RECORDS TO PROCESS:

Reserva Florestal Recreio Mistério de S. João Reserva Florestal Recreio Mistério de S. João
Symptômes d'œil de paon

--

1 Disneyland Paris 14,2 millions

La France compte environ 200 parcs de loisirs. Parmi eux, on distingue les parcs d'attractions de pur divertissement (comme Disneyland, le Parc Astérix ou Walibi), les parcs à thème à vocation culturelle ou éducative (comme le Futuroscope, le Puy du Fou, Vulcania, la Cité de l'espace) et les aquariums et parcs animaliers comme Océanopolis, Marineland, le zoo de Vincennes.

YOUR GOAL:
Say how many lines of the listing above contain "Disneyland", with no other words.

SOLUTION:
2